Section 9. Amendments. This Agreement may not be modified or amended except by a writing executed by the parties hereto.
Section 10. Severability. The provisions of this Agreement are severable, and in the event any provision hereof is determined to be invalid or unenforceable, such invalidity or unenforceability shall not in any way affect the validity or enforceability of the remaining provisions hereof.

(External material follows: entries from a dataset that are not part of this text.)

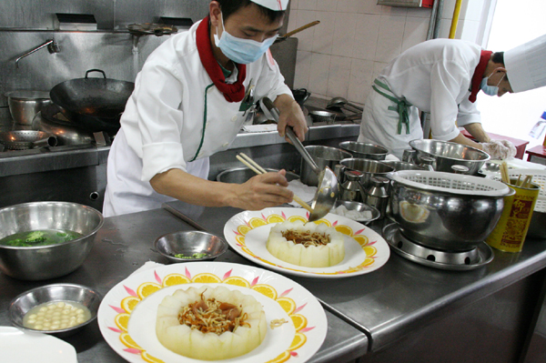 (2)运用自身的烹饪水平使菜品达到最佳烹制要求,严禁“马大哈”式的操作方式,那是不负责任的表现。严禁酒后上岗,这时人的神志不清醒,更不可能认真烹饪每道菜肴。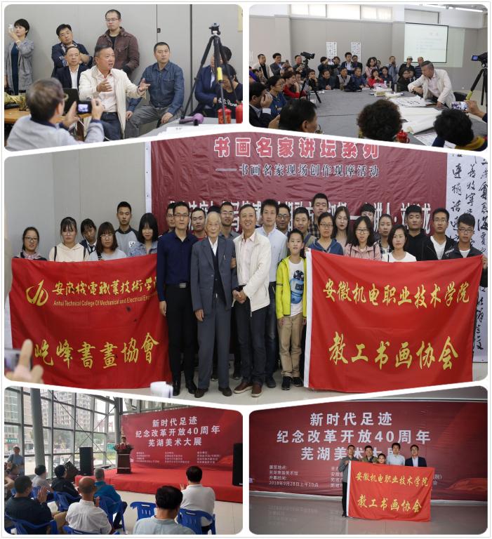 中国传统文化博大精深,中国书法绘画姿态繁荣,为深入贯彻落实“两学一做”常态化、践行民族文化自信、提高文化软实力的号召精神,着力提升学院教工书画协会会员的书画创作水平,在院工会的大力支持下,10月13日上午,协会组织部分会员赴芜湖市镜湖书画院参加“两学一做”常态化制度化主题实践书画名家讲坛系列现场创作观摩活动,本次邀请安徽省书画院院长,安徽省书协副主席刘廷龙先生,以“书法法度与书写情感表达相融方式初探”为主题开展书法专题讲座。讲座由芜湖市书画院院长吴晓明主持,学院办公室主任司福明,教工书画协会会长樊卫强,副会长陈庄瑾,秘书长张灿东,部分会员老师和学院大学生屹峰书画协会成员参加。
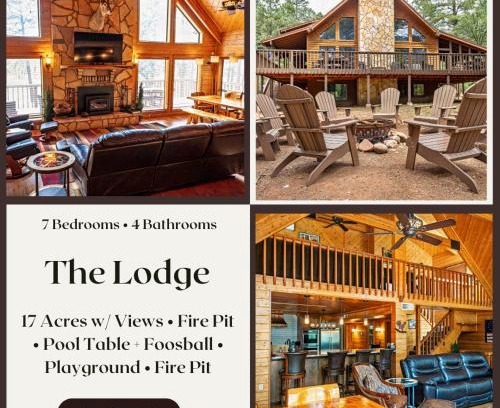 Providing a shared lounge, The Lodge Large Cabin, 17 Acres, Playground, Forest Access offers accommodations in Pinedale. This property offers access to a balcony, pool at the pool table, free private parking, and free Wifi. On clear days, guests can head outside to enjoy the vacation home's outdoor fireplace or simply kick back and relax. The air-conditioned vacation home consists of 7 bedrooms, 2 living rooms, a fully equipped kitchen with a dishwasher and a coffee machine, and 4 bathrooms with a bath and a hair dryer. Towels and bed linen are provided in the vacation home. There's also a seating area and a fireplace. For guests with children, the vacation home provides an indoor play area, outdoor play equipment, and a baby safety gate. The vacation home has a picnic area where you can spend the day outdoors. The nearest airport is Show Low Regional Airport, 21 miles from The Lodge Large Cabin, 17 Acres, Playground, Forest Access.
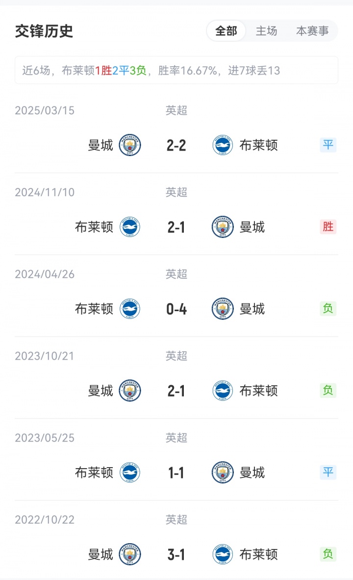 2017/18至2023/24赛季技能,布莱顿对阵曼城的14场联赛仅赢下两场(1胜1平12负)。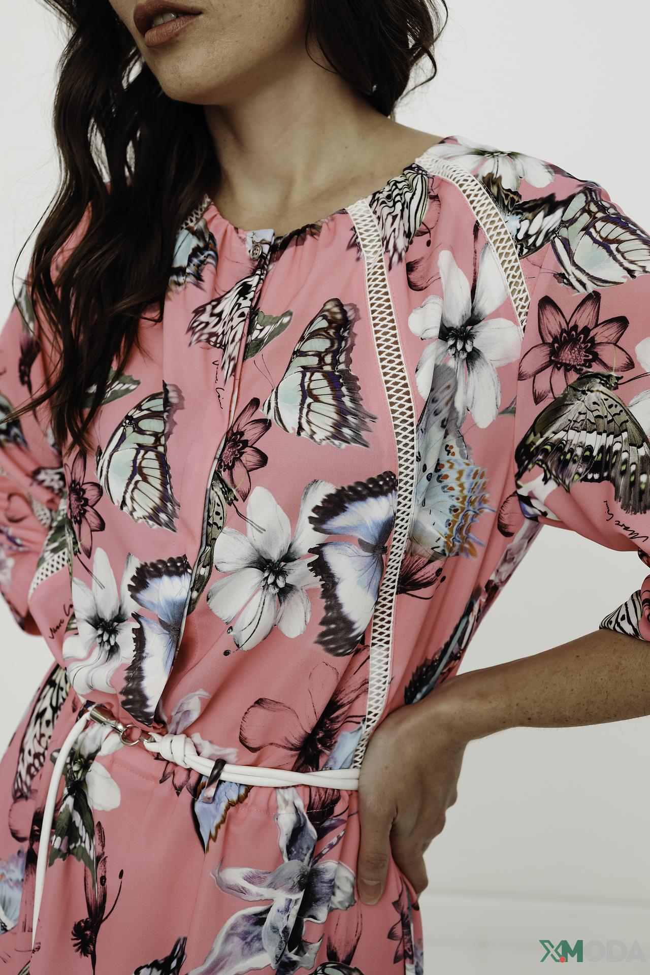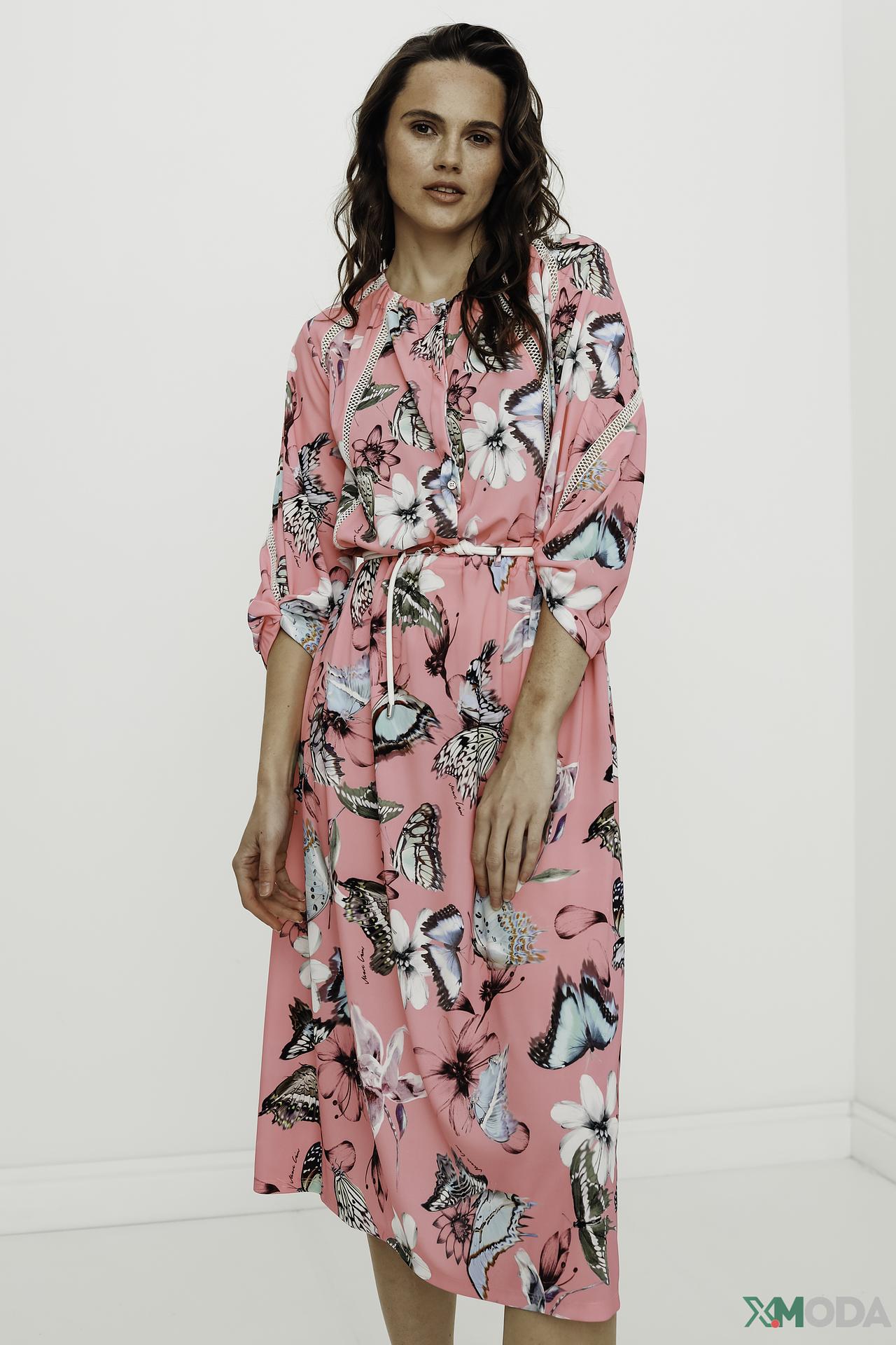 Платье Marc Cain розовое с принтом бабочек и белой отделкой

Section 11. Third Party Beneficiaries. The parties to the various Award Agreements and the parties to the Other Agreements and Plans are intended to be third party beneficiaries to this Agreement.
[Signature Page Follows]
IN WITNESS WHEREOF, Assignor and Assignee have caused this Agreement to be executed as of the date first written above by their respective officers thereunto duly authorized.
| ASSIGNOR: |
| | |
| THE HOWARD HUGHES CORPORATION |
| | |
| By: | /s/ David O'Reilly |
| Name: | David O’Reilly |
| Title: | Chief Executive Officer |
| | |
| | |
| ASSIGNEE: |
| | |
| HOWARD HUGHES HOLDINGS INC. |
| | |
| By: | /s/ David O'Reilly |
| Name: | David O’Reilly |
| Title: | Chief Executive Officer |
[Signature Page – Assignment and Assumption Agreement]
Exhibit A
Assumed Agreements1
Stock Incentive Plans (and any and all applicable Award Agreements thereunder):2
| 1. | The Howard Hughes Corporation 2020 Equity Incentive Plan |
| 2. | The Howard Hughes Corporation 2010 Equity Incentive Plan |
| 3. | Warrant Agreement between The Howard Hughes Corporation and Grant Herlitz, dated October 4, 2017 |
Other Agreements and Plans:
| 1. | The Howard Hughes Corporation Deferred Compensation Plan |
| 2. | Obligations of Assignor to provide pay or benefits under any non-management director compensation programs |
| 3. | Second Amended and Restated Employment Agreement, dated December 1, 2020, between The Howard Hughes Corporation and David O’Reilly |
| 4. | Employment Agreement, dated December 1, 2020, between The Howard Hughes Corporation and L. Jay Cross |
| 5. | Employment Agreement, dated January 12, 2022, between The Howard Hughes Corporation and Carlos Olea |
| 6. | Each presently effective indemnification agreement between Assignor and any current or former director or officer of Assignor |
1 The Stock Incentive Plans and Other Agreements and Plans set forth in this Exhibit A include any and all currently-effective amendments thereto and/or restatements thereof.
2 Each Stock Incentive Plan includes any and all applicable Award Agreements thereunder (any and all equity-based award agreements, programs, sub-plans, notices, and/or similar agreements entered into or issued pursuant to the Stock Incentive Plans, and each outstanding award granted or assumed thereunder).